For multiple audio tracks and mixing of such you may want to look at Realband. This comes free with BiaB and is a more conventional DAW based software with 48 tracks that can be either MIDI or audio. It also supports the song generating features of BiaB.
Your audio track should be near the bottom of the BiaB mixer applet I believe.
Thanks for the quick response.
What you say brings up a related question: why the two programs? But first I'd like to get straight with BIAB.
I am deducing from your answer that there is only one track for recorded audio in BIAB. Correct?
Moving on, I am thinking of two scenarios:
1. In BIAB, you record some audio like singing or an instrument part, then re-generate the BIAB song to see what the various re-generations sound like with that one audio track.
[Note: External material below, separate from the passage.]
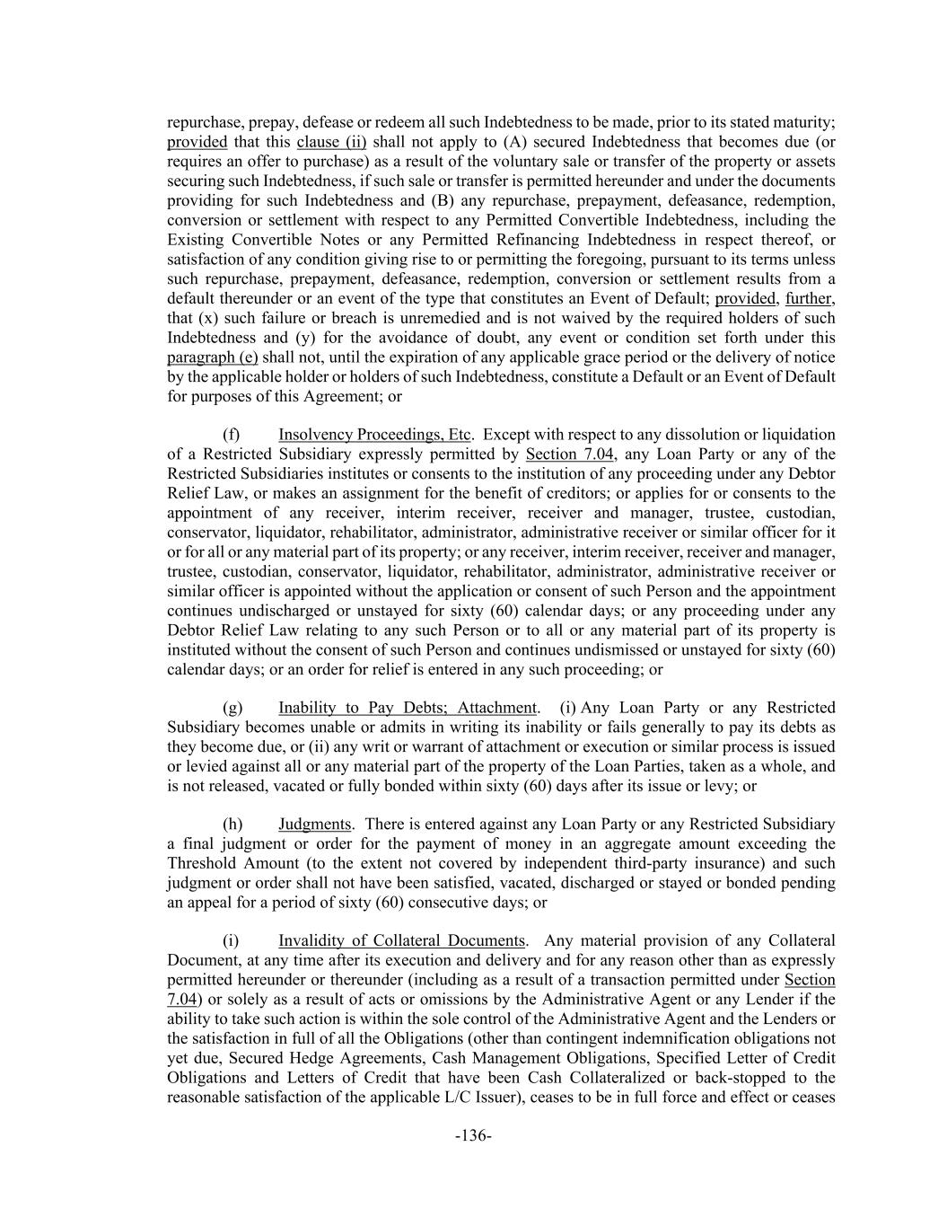 -136- repurchase, prepay, defease or redeem all such Indebtedness to be made, prior to its stated maturity; provided that this clause (ii) shall not apply to (A) secured Indebtedness that becomes due (or requires an offer to purchase) as a result of the voluntary sale or transfer of the property or assets securing such Indebtedness, if such sale or transfer is permitted hereunder and under the documents providing for such Indebtedness and (B) any repurchase, prepayment, defeasance, redemption, conversion or settlement with respect to any Permitted Convertible Indebtedness, including the Existing Convertible Notes or any Permitted Refinancing Indebtedness in respect thereof, or satisfaction of any condition giving rise to or permitting the foregoing, pursuant to its terms unless such repurchase, prepayment, defeasance, redemption, conversion or settlement results from a default thereunder or an event of the type that constitutes an Event of Default; provided, further, that (x) such failure or breach is unremedied and is not waived by the required holders of such Indebtedness and (y) for the avoidance of doubt, any event or condition set forth under this paragraph (e) shall not, until the expiration of any applicable grace period or the delivery of notice by the applicable holder or holders of such Indebtedness, constitute a Default or an Event of Default for purposes of this Agreement; or (f) Insolvency Proceedings, Etc. Except with respect to any dissolution or liquidation of a Restricted Subsidiary expressly permitted by Section 7.04, any Loan Party or any of the Restricted Subsidiaries institutes or consents to the institution of any proceeding under any Debtor Relief Law, or makes an assignment for the benefit of creditors; or applies for or consents to the appointment of any receiver, interim receiver, receiver and manager, trustee, custodian, conservator, liquidator, rehabilitator, administrator, administrative receiver or similar officer for it or for all or any material part of its property; or any receiver, interim receiver, receiver and manager, trustee, custodian, conservator, liquidator, rehabilitator, administrator, administrative receiver or similar officer is appointed without the application or consent of such Person and the appointment continues undischarged or unstayed for sixty (60) calendar days; or any proceeding under any Debtor Relief Law relating to any such Person or to all or any material part of its property is instituted without the consent of such Person and continues undismissed or unstayed for sixty (60) calendar days; or an order for relief is entered in any such proceeding; or (g) Inability to Pay Debts; Attachment. (i) Any Loan Party or any Restricted Subsidiary becomes unable or admits in writing its inability or fails generally to pay its debts as they become due, or (ii) any writ or warrant of attachment or execution or similar process is issued or levied against all or any material part of the property of the Loan Parties, taken as a whole, and is not released, vacated or fully bonded within sixty (60) days after its issue or levy; or (h) Judgments. There is entered against any Loan Party or any Restricted Subsidiary a final judgment or order for the payment of money in an aggregate amount exceeding the Threshold Amount (to the extent not covered by independent third-party insurance) and such judgment or order shall not have been satisfied, vacated, discharged or stayed or bonded pending an appeal for a period of sixty (60) consecutive days; or (i) Invalidity of Collateral Documents. Any material provision of any Collateral Document, at any time after its execution and delivery and for any reason other than as expressly permitted hereunder or thereunder (including as a result of a transaction permitted under Section 7.04) or solely as a result of acts or omissions by the Administrative Agent or any Lender if the ability to take such action is within the sole control of the Administrative Agent and the Lenders or the satisfaction in full of all the Obligations (other than contingent indemnification obligations not yet due, Secured Hedge Agreements, Cash Management Obligations, Specified Letter of Credit Obligations and Letters of Credit that have been Cash Collateralized or back-stopped to the reasonable satisfaction of the applicable L/C Issuer), ceases to be in full force and effect or ceases

When you get a combination you like you can export it (details on that later). For now, no other program required.
2. You could also do this with a more complex audio track -- any number of things mixed down to a single track -- made with another program (is that where Real Band comes in?) and importing that track into BIAB as "the" audio track; again, the idea being to try various re-generations with a fixed audio track.
Is this the basic idea of "the" audio track in BIAB?
If so, why not just start out in Real Band since as you say it also supports the song generating features of BiaB?
Perhaps more simply: why does the record audio feature in BIAB exist?